Output the entries exactly. Start at the first line, finish with the line containing "Heavy duty Padded", and omit the pictures.

★ ★ ★ ★ ★ ★ ★

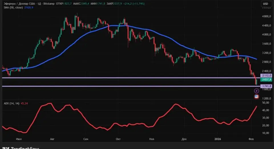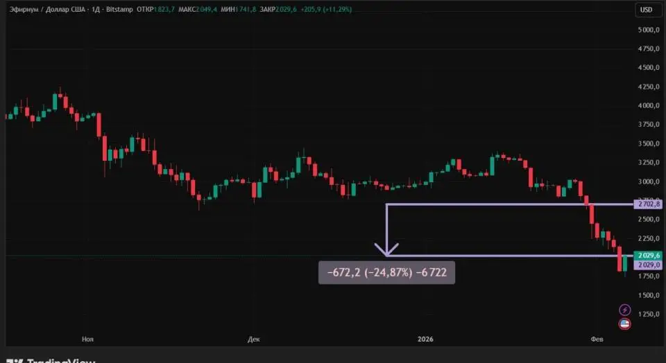 Эфир подешевел с 30 января по 6 февраля почти на 25%. Пять из семи торговых сессий закончились для ETH в минусе. Эфир опустился к отметке $2000. Последний раз ниже вторая по капитализации криптовалюта торговалась 8 мая 2025 года.
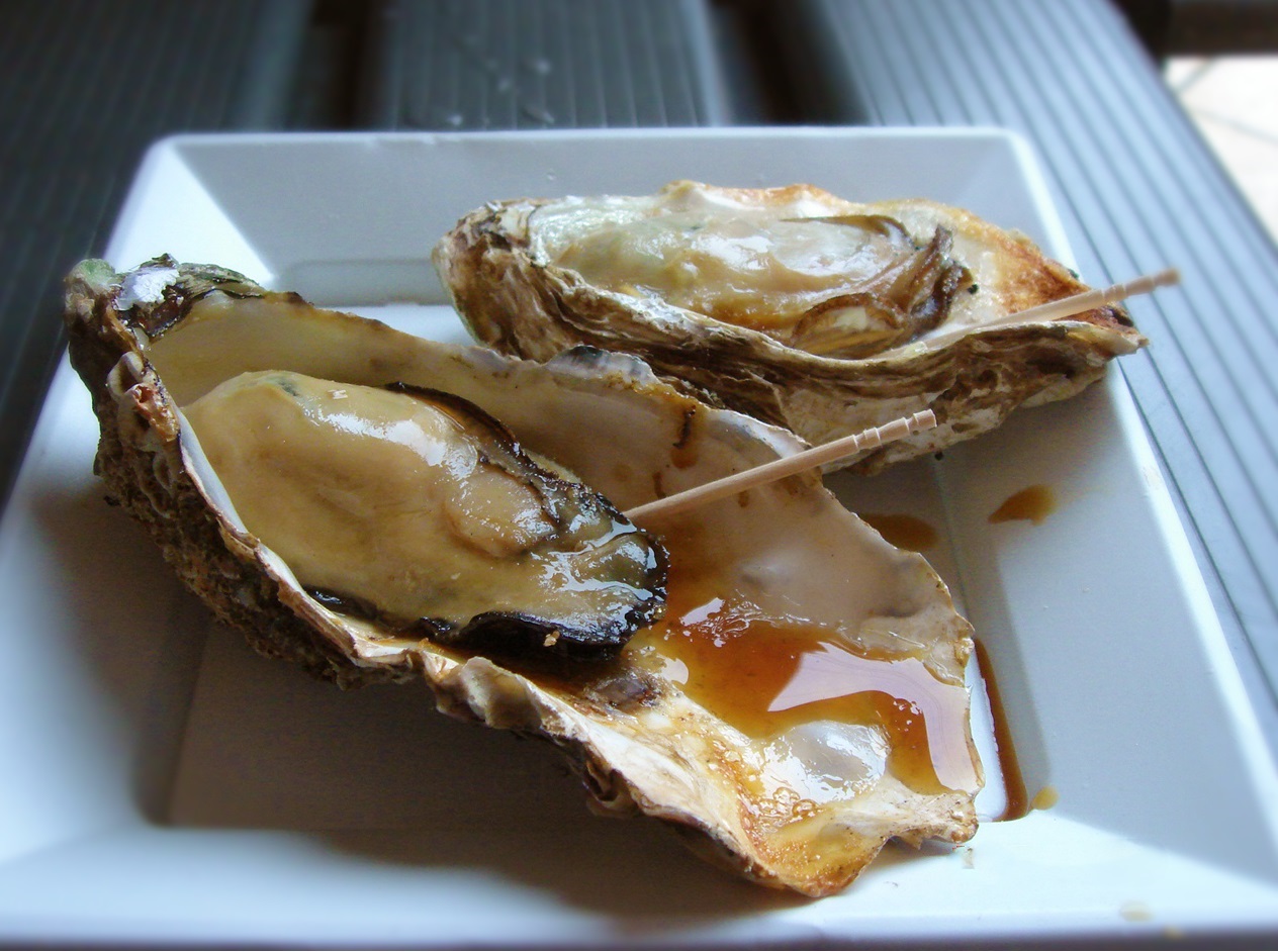 塩を振った焼き牡蠣を二つ、目の前で焼いて出してくれるので、店員さんのお勧め通りに片方にだけ酢醤油をかけていただきました。二つの味を楽しむめて、どちらもおいしいです。
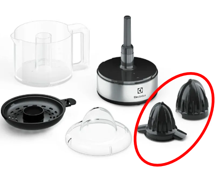 Caso o cliente questione a falta do acessório de espremer as laranjas, vocês devem informar que os acessórios vêm acoplados o espremedor pequeno encaixado na parte interna do grande, conforme vídeo abaixo:
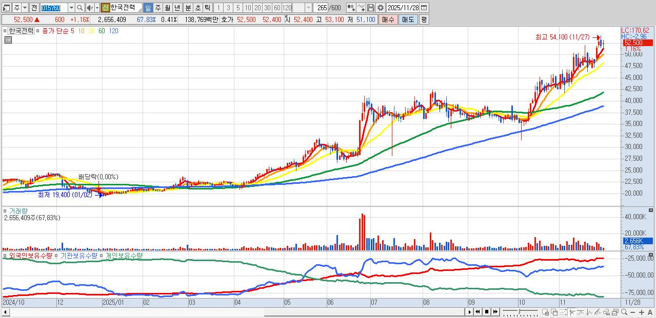 29.한국전력 52,500원 ▲ 1.16% (KOSPI, 015760)
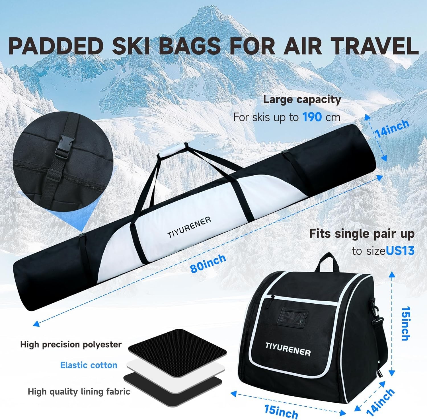 Heavy duty Padded Ski and Boot Bags combo Set easy carry waterproof travel bag
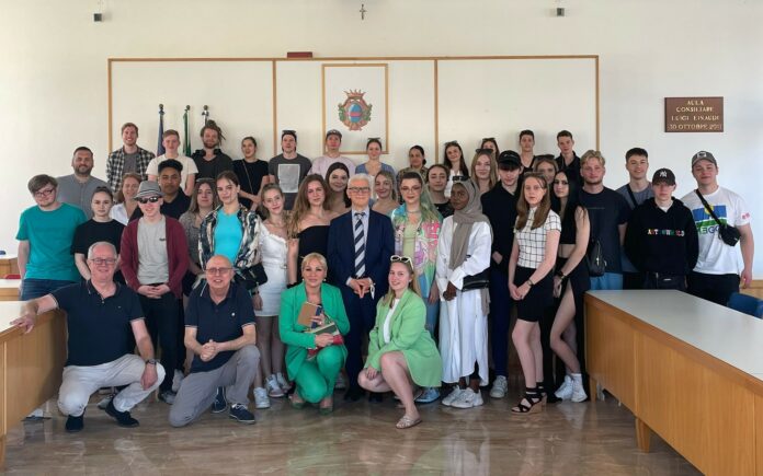 Gli studenti dell’istituto professionale di Dachau a Fondi – Cresce e si rafforza sempre più l’amicizia tra Fondi e Dachau con continui incontri, scambi culturali e viaggi organizzati nell’ambito del gemellaggio. L’ultima visita questa mattina quando il sindaco Beniamino Maschietto ha ricevuto gli studenti e i professori dell’istituto professionale della cittadina bavarese gemellata con Fondi.
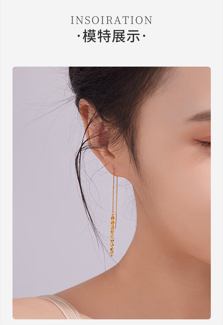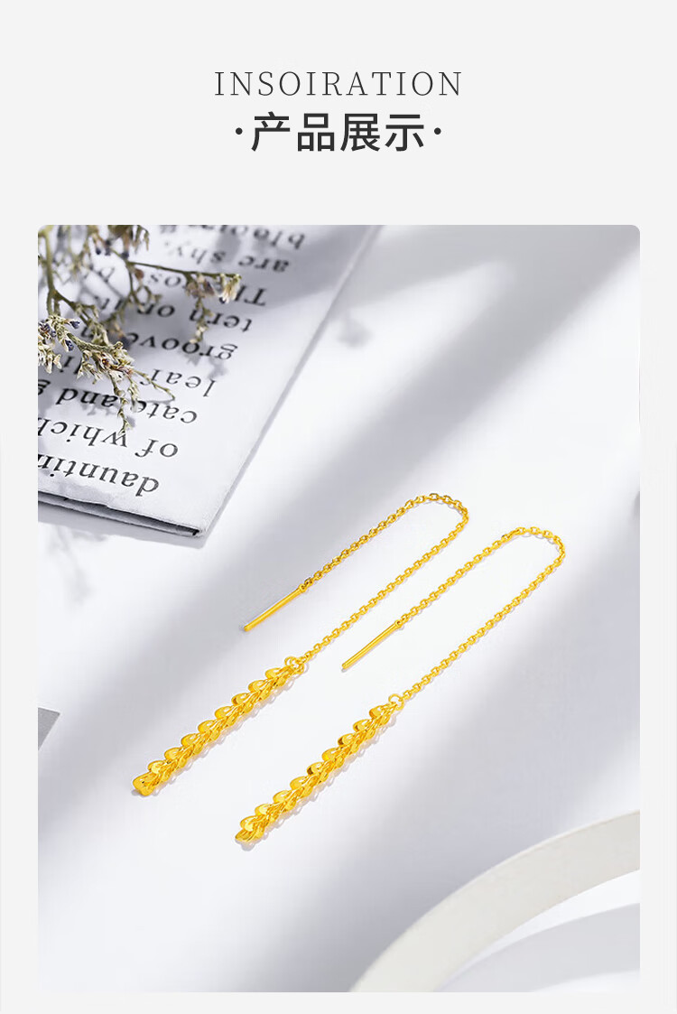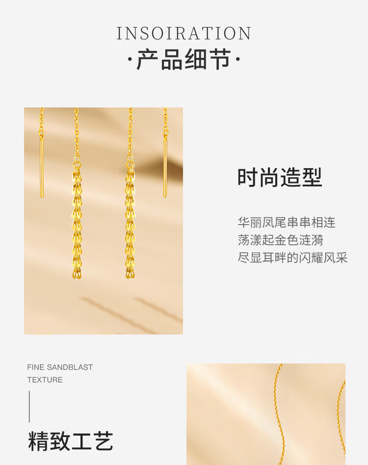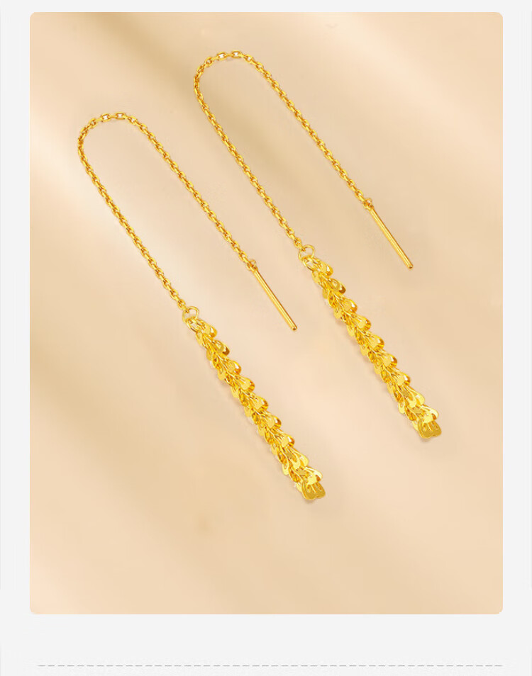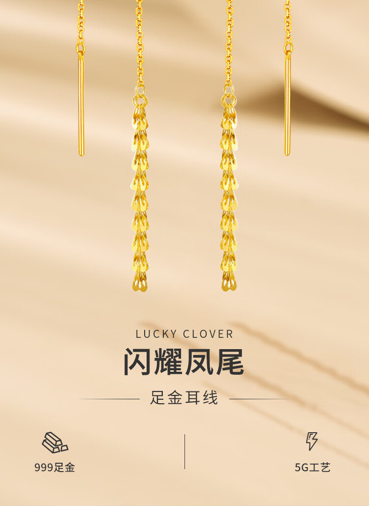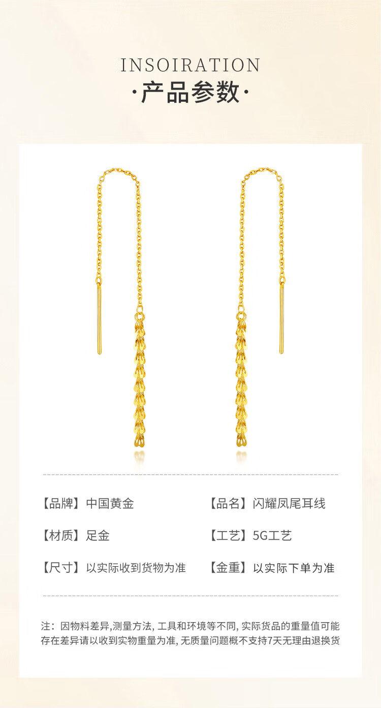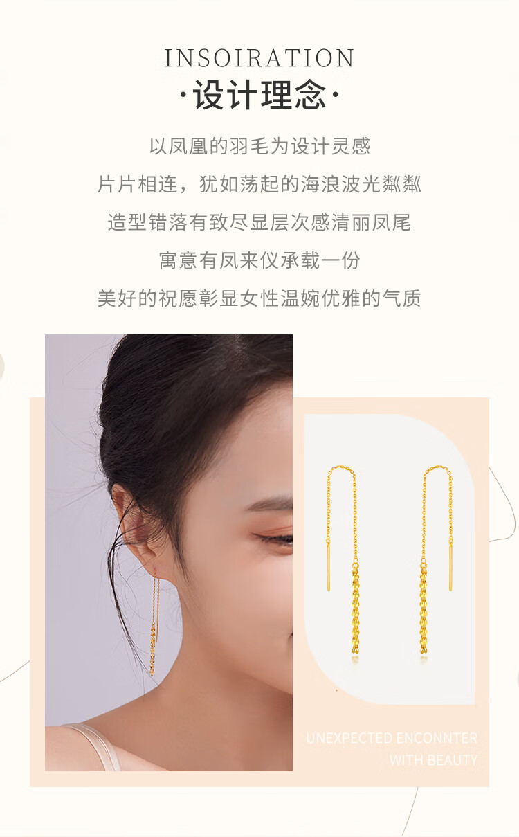 CHINA GOLD Phoenix Tail Gold Ear Thread Women's Fashion Pure Gold Earrings Earrings Holiday Birthday Mid-Autumn Festival Gifts for Wife and Girlfriend Phoenix Tail Ear Thread One Pair About 1g

★ ★ ★ ★ ★ ★ ★

## Output below
 Эфир подешевел с 30 января по 6 февраля почти на 25%. Пять из семи торговых сессий закончились для ETH в минусе. Эфир опустился к отметке $2000. Последний раз ниже вторая по капитализации криптовалюта торговалась 8 мая 2025 года.
 塩を振った焼き牡蠣を二つ、目の前で焼いて出してくれるので、店員さんのお勧め通りに片方にだけ酢醤油をかけていただきました。二つの味を楽しむめて、どちらもおいしいです。
 Caso o cliente questione a falta do acessório de espremer as laranjas, vocês devem informar que os acessórios vêm acoplados o espremedor pequeno encaixado na parte interna do grande, conforme vídeo abaixo:
 29.한국전력 52,500원 ▲ 1.16% (KOSPI, 015760)
 Heavy duty Padded Ski and Boot Bags combo Set easy carry waterproof travel bag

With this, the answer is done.